Re: Merging mixed data sets

From: Siemel Naran (SiemelNaran_at_REMOVE.att.net)
Date: 03/16/04


Date: Tue, 16 Mar 2004 17:45:16 GMT


"Dmitry Epstein" <mitia.nospam@northwestern.edu.invalid> wrote in message
> "Siemel Naran" <SiemelNaran@REMOVE.att.net> wrote in

> > Not necessarily. The list::sort swaps the previous and next
> > pointers of the node, but not the element in the node, for a
> > total of 2 swap operations. But std::sort will call the
> > specialized std::swap(std::basic_string&, std::basic_string&)
> > which will swap the data members, usually 3 for begin and size
> > and capacity, for a total of 3 swap operations, and the length
> > of the string does not matter. Which suggests list::sort is
> > faster. Though the optimizer may use one memswp operation,
> > though the list::sort method may swap 8 bytes, and the
> > std::swap method may swap 12 bytes. Furthermore, iterating
> > across a list is more complex. It could depend on the
> > architecture. Worth an experiment on your particular
> > platform.
>
> Thank you for explaning the swapping thing - I wasn't aware of
> that. So, sorting a vector of containers may not be as slow as I
> thought it would be? As for sorting lists, IIRC the quicksort
> algorithm is not strongly dependant on random element access
> (correct me if I am wrong).

Depends. I don't know enough low level so say which method is faster, or if
random access is faster. So we can only experiment.
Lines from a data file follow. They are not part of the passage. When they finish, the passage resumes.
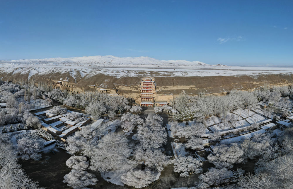 這是3月25日拍攝的敦煌莫高窟景區(qū)雪景(無人機照片)。新華社記者張智敏 攝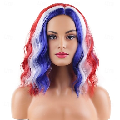 Perruque drapeau du 4 juillet pour femmes perruques courtes bouclées rouges blanches et bleues pour cosplay de fête de l'Indépendance
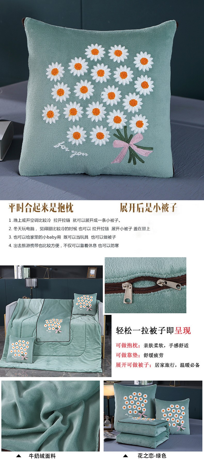 商品名称:伊可爱抱枕被 2023新款牛奶绒绣花抱枕被 花之恋-绿色

> > Are you sure list::merge does not work? If you sort the
> > container which isn't sorted, then both containers are sorted,
> > and list::merge should work, right? You can use list::unique
> > to eliminate duplicates.
>
> Yes, but how expensive would that be?

O(N*lg(N)) to sort, O(N) to eliminate duplicates.

> > The running time of the above algorithm is O(N*lg(N)) for
> > constructing merged from sorted of N elements, O(M*lg(M)) for
> > adding unsorted of M elements to merged. Right? Assuming M =
> > N, the running time of the whole algorithm is O(N*lg(N)).
>
> I think it's O(M*lg(N)) in the second case, otherwise see my reply
> to Mike.

Right.

> > typedef std::vector<std::string>::iterator VectorIter;
> > VectorIter vectoriter = sorted.begin();
> > const VectorIter vectorend = sorted.end();
> > std::set<std::string> merged;
> > typedef std::set<std::string>::iterator SetIter;
> > SetIter hint = merged.end();
> > for ( ; vectoriter!=vectorend; ++vectoriter) {
> > hint = merged.insert(hint, vectoriter);
> > }
>
> I understand your motivation but I don't understand how this works.
> Why is merged.end() a good hint?

For the initial element in hint is merged.end(). You have to initialize
hint to something meaningful, and it doesn't matter what for an empty
container.

> > In any case, for adding M elements from unsorted to merged, I
> > can only think of a running time of O(M*lg(M)). So if M = N,
> > the running time of the whole algorithm is still O(N*lg(N)).
> > Can we make it linear, without the use of hashtables, bucket
> > sort, radix sort, etc?
>
> I doubt that you can make it faster than O(M*log(M)).

Can you prove this?

--
+++++++++++
Siemel Naran